#### [Collected data]
# # # # # # #

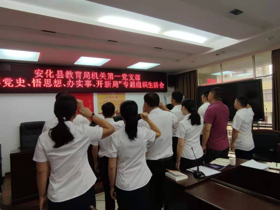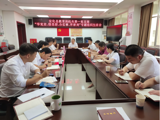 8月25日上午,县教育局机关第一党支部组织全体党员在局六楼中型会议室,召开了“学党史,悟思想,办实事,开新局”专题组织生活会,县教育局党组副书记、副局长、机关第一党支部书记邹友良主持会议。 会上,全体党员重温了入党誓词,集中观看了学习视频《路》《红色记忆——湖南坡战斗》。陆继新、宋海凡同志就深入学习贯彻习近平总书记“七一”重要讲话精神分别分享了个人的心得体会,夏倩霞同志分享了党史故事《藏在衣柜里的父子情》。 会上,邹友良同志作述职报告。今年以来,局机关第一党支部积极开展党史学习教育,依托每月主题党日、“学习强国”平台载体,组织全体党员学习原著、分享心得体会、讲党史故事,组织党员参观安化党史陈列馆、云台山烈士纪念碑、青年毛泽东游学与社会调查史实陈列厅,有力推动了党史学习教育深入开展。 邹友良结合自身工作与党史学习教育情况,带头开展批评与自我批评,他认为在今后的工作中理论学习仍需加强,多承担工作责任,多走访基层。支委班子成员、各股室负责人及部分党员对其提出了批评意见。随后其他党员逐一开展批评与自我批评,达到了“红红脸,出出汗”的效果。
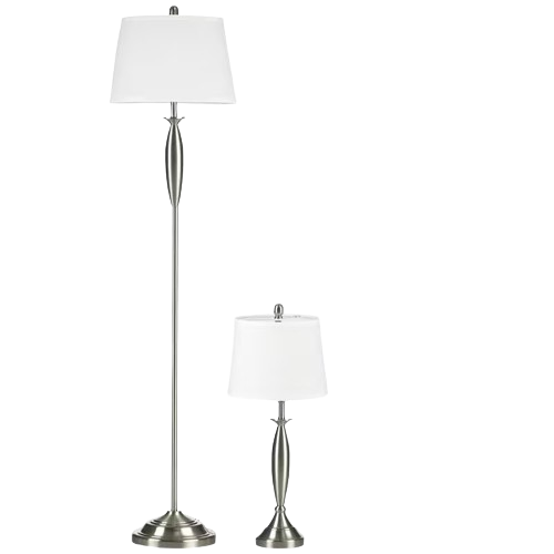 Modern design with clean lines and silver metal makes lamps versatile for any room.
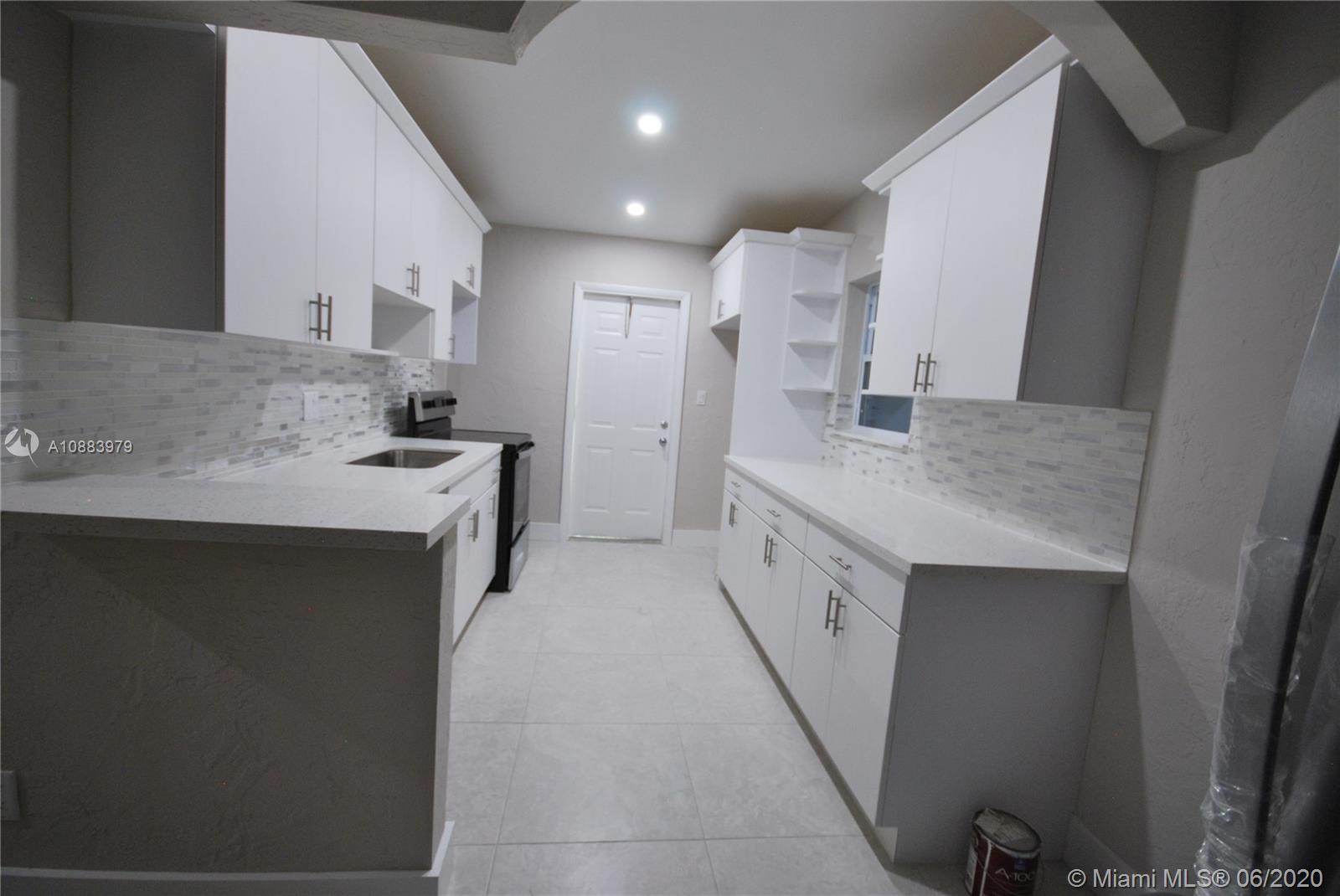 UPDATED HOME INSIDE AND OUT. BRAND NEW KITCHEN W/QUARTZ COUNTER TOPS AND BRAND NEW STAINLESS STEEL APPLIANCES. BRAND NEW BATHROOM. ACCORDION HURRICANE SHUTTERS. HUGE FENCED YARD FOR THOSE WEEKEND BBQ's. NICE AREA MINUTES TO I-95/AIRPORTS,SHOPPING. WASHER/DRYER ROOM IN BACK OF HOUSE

# # # # # # #

#### [What to work on]
Output only the lines running from the top of the data above to the line with "Modern design with", inclusive, word for word and without pictures.

#### [Reply to the task]
 8月25日上午,县教育局机关第一党支部组织全体党员在局六楼中型会议室,召开了“学党史,悟思想,办实事,开新局”专题组织生活会,县教育局党组副书记、副局长、机关第一党支部书记邹友良主持会议。 会上,全体党员重温了入党誓词,集中观看了学习视频《路》《红色记忆——湖南坡战斗》。陆继新、宋海凡同志就深入学习贯彻习近平总书记“七一”重要讲话精神分别分享了个人的心得体会,夏倩霞同志分享了党史故事《藏在衣柜里的父子情》。 会上,邹友良同志作述职报告。今年以来,局机关第一党支部积极开展党史学习教育,依托每月主题党日、“学习强国”平台载体,组织全体党员学习原著、分享心得体会、讲党史故事,组织党员参观安化党史陈列馆、云台山烈士纪念碑、青年毛泽东游学与社会调查史实陈列厅,有力推动了党史学习教育深入开展。 邹友良结合自身工作与党史学习教育情况,带头开展批评与自我批评,他认为在今后的工作中理论学习仍需加强,多承担工作责任,多走访基层。支委班子成员、各股室负责人及部分党员对其提出了批评意见。随后其他党员逐一开展批评与自我批评,达到了“红红脸,出出汗”的效果。
 Modern design with clean lines and silver metal makes lamps versatile for any room.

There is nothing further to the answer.